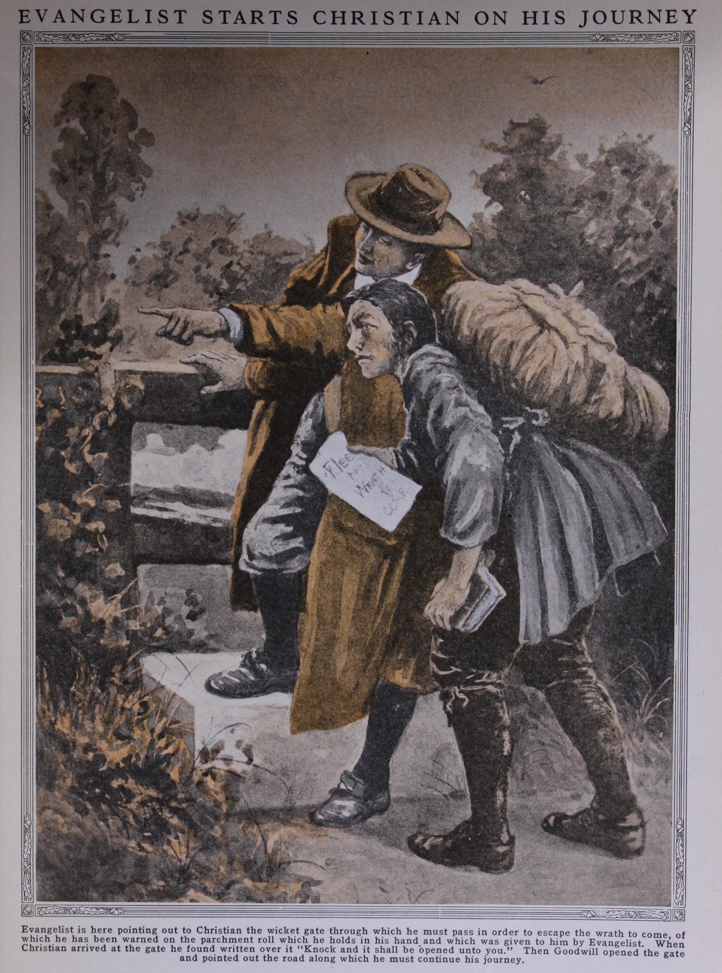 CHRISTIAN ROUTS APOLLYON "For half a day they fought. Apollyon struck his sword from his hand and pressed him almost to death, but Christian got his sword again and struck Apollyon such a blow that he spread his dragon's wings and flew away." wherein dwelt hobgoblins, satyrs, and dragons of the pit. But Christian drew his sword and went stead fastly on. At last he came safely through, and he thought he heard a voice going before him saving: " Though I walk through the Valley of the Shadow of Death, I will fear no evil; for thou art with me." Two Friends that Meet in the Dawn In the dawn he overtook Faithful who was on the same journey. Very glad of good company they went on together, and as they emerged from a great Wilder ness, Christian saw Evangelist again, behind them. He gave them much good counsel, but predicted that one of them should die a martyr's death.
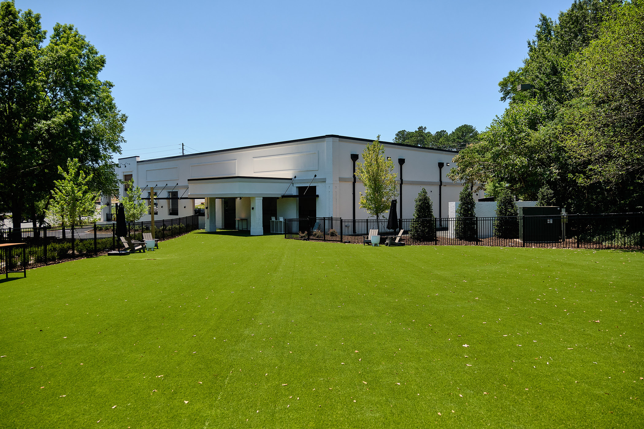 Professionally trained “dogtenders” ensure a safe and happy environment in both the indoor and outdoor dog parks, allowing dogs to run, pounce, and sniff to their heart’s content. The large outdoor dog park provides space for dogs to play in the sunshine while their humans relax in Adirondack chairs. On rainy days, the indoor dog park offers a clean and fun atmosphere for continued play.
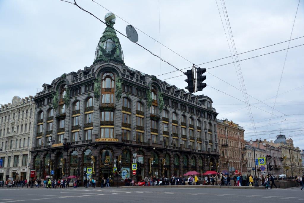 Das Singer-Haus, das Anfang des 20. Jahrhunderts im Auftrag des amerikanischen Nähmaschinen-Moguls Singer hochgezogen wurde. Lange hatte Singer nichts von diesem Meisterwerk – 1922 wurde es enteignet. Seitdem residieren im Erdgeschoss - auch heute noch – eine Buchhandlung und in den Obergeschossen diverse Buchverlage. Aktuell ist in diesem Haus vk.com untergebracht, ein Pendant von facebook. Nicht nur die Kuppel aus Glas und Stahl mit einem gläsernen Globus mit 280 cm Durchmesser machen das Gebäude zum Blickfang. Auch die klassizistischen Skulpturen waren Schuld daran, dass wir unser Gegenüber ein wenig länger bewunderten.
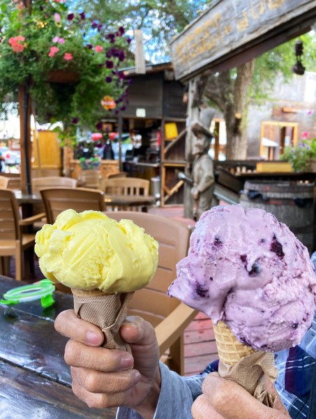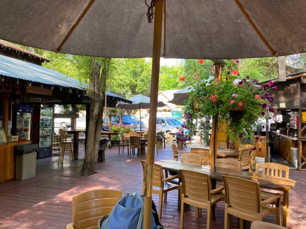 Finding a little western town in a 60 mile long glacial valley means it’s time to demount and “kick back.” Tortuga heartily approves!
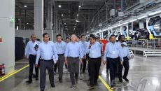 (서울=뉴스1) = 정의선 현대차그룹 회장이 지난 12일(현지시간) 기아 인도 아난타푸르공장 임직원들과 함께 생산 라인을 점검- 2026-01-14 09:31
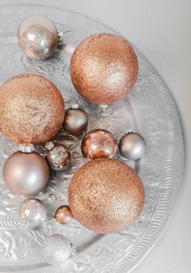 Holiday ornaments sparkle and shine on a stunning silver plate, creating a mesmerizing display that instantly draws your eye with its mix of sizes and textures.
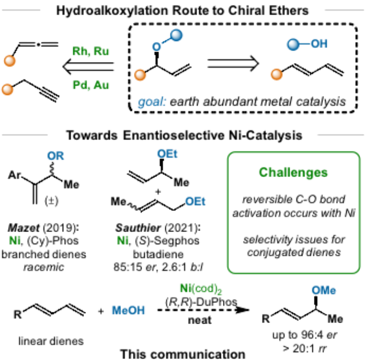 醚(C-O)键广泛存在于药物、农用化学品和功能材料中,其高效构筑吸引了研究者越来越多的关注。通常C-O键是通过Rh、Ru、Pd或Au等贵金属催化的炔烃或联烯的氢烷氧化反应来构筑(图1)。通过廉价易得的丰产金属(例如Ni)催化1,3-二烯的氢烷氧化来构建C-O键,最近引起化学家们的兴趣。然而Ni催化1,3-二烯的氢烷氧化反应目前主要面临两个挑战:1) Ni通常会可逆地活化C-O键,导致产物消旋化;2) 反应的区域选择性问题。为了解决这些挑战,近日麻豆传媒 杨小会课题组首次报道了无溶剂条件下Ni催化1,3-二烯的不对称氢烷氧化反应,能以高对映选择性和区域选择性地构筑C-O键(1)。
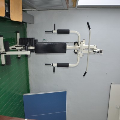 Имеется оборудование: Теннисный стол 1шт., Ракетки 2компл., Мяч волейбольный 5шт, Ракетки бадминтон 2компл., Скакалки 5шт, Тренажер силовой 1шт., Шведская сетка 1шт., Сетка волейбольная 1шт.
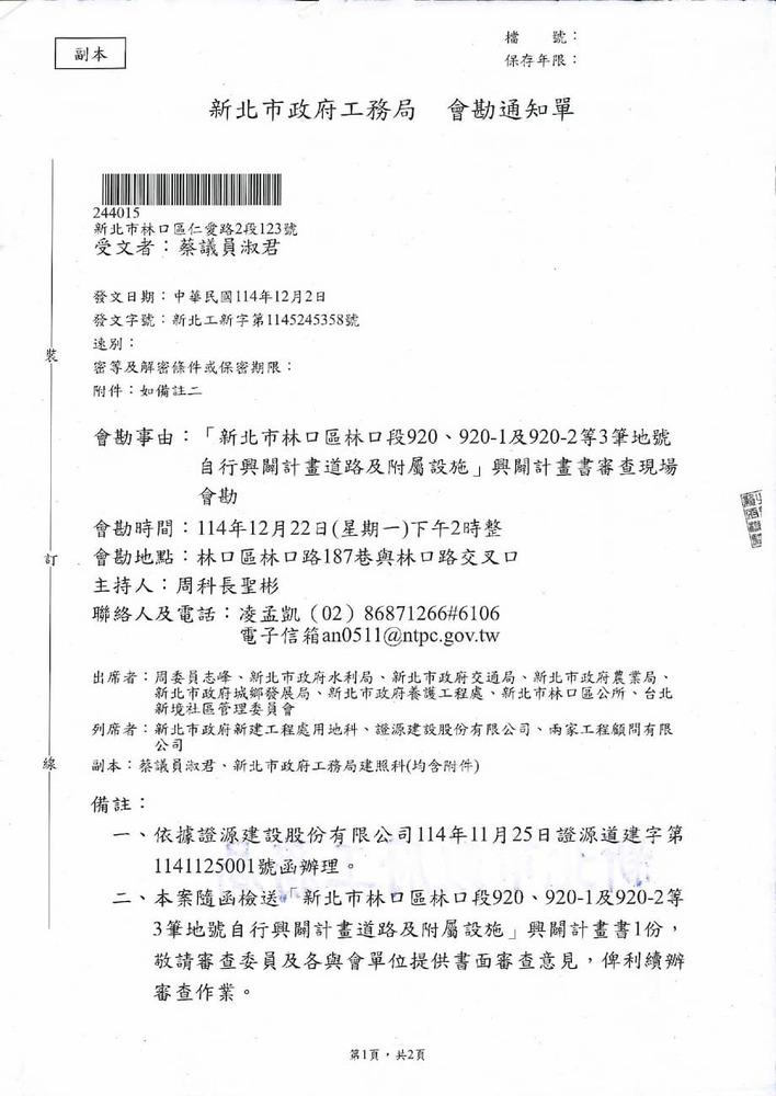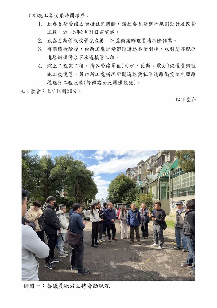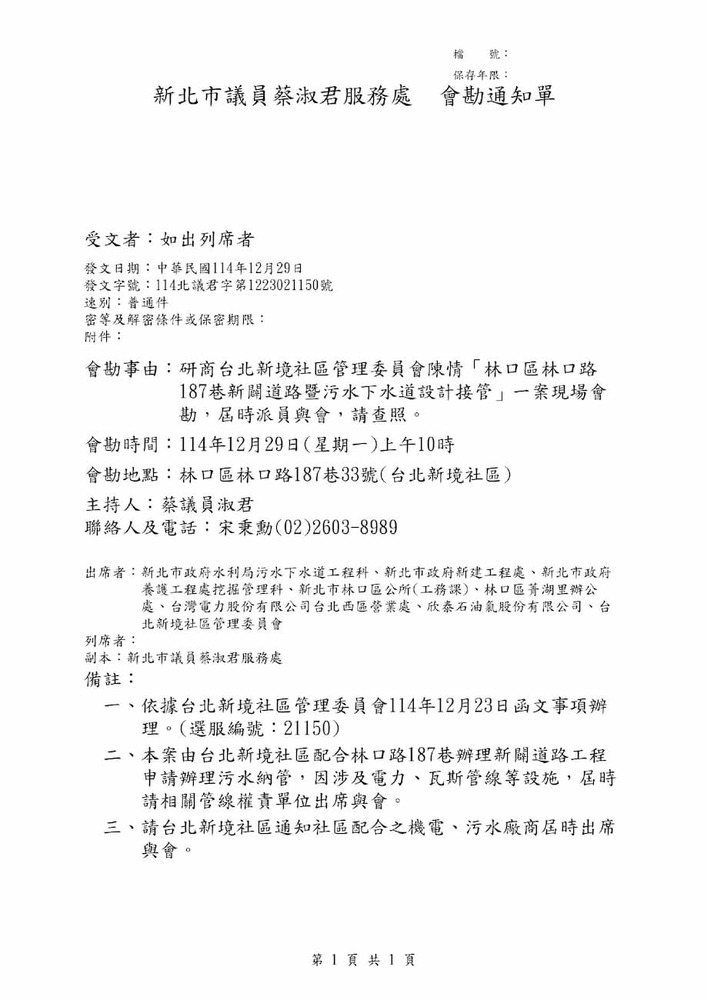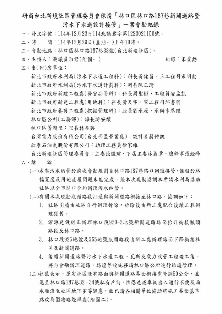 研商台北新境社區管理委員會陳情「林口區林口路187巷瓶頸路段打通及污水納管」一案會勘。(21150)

--

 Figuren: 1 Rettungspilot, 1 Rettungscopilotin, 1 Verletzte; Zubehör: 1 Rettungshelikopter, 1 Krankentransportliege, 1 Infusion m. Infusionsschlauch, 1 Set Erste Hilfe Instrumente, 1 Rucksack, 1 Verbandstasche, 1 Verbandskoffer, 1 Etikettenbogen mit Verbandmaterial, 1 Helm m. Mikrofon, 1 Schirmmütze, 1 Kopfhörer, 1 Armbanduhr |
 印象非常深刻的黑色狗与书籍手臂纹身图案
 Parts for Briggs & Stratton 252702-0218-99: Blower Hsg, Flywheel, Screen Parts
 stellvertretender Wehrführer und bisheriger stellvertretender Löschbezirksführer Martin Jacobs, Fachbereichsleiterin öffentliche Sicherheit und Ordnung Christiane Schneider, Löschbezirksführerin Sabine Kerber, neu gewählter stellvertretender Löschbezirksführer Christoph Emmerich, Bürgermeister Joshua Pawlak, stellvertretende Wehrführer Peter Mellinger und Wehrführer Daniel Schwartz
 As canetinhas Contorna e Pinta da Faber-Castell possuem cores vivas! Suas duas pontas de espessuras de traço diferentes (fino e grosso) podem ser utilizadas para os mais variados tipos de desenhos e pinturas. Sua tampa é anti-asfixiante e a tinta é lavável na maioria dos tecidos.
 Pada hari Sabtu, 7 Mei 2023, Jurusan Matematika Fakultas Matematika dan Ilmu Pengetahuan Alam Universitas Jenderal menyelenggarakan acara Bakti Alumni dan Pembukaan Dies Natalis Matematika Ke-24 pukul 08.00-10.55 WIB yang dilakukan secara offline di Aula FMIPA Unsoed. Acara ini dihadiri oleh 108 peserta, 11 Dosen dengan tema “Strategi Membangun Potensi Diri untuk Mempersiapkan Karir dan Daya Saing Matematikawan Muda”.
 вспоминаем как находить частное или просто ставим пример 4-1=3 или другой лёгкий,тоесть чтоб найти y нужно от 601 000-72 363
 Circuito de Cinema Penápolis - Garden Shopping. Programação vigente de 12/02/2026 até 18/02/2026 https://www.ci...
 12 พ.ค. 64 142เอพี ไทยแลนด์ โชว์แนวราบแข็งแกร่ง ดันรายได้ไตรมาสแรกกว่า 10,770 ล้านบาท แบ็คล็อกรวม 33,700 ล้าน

...

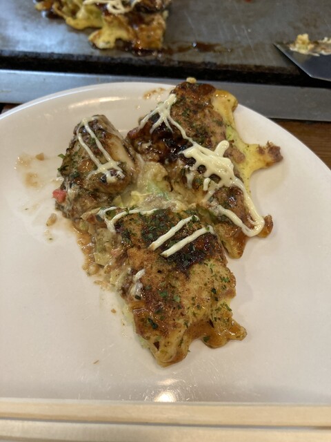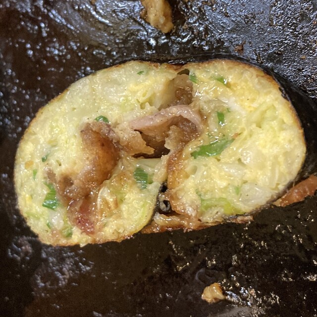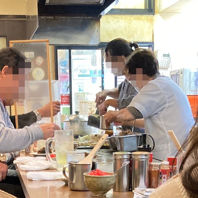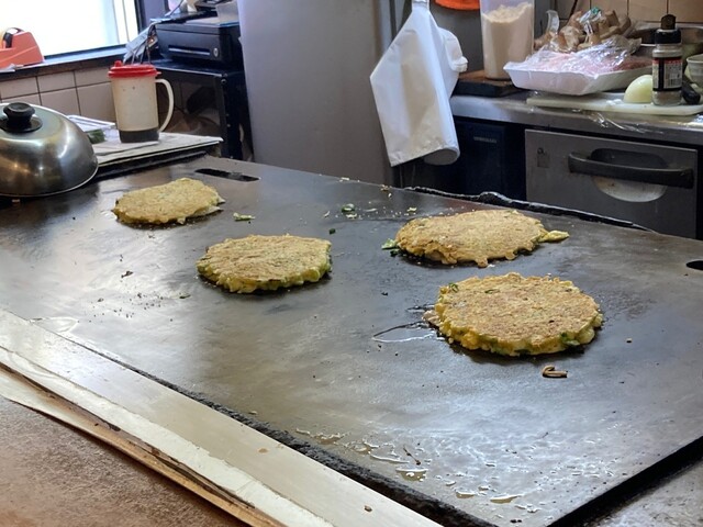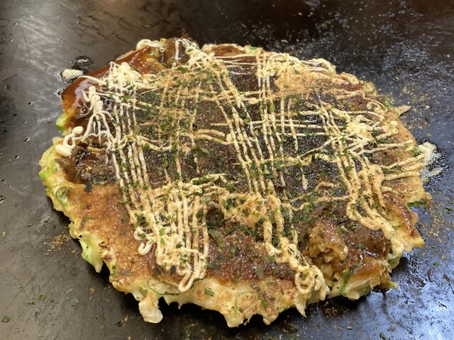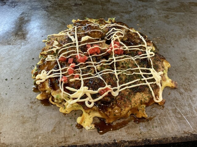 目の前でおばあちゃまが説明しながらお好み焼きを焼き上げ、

EXERCISE OBJECTIVE ::
Using the data above, which lines fall from the one with "CHRISTIAN ROUTS APOLLYON" through the one with "for continued play."? Repeat them exactly, ends included, minus any pictures.

EXPECTED ANSWER ::
 CHRISTIAN ROUTS APOLLYON "For half a day they fought. Apollyon struck his sword from his hand and pressed him almost to death, but Christian got his sword again and struck Apollyon such a blow that he spread his dragon's wings and flew away." wherein dwelt hobgoblins, satyrs, and dragons of the pit. But Christian drew his sword and went stead fastly on. At last he came safely through, and he thought he heard a voice going before him saving: " Though I walk through the Valley of the Shadow of Death, I will fear no evil; for thou art with me." Two Friends that Meet in the Dawn In the dawn he overtook Faithful who was on the same journey. Very glad of good company they went on together, and as they emerged from a great Wilder ness, Christian saw Evangelist again, behind them. He gave them much good counsel, but predicted that one of them should die a martyr's death.
 Professionally trained “dogtenders” ensure a safe and happy environment in both the indoor and outdoor dog parks, allowing dogs to run, pounce, and sniff to their heart’s content. The large outdoor dog park provides space for dogs to play in the sunshine while their humans relax in Adirondack chairs. On rainy days, the indoor dog park offers a clean and fun atmosphere for continued play.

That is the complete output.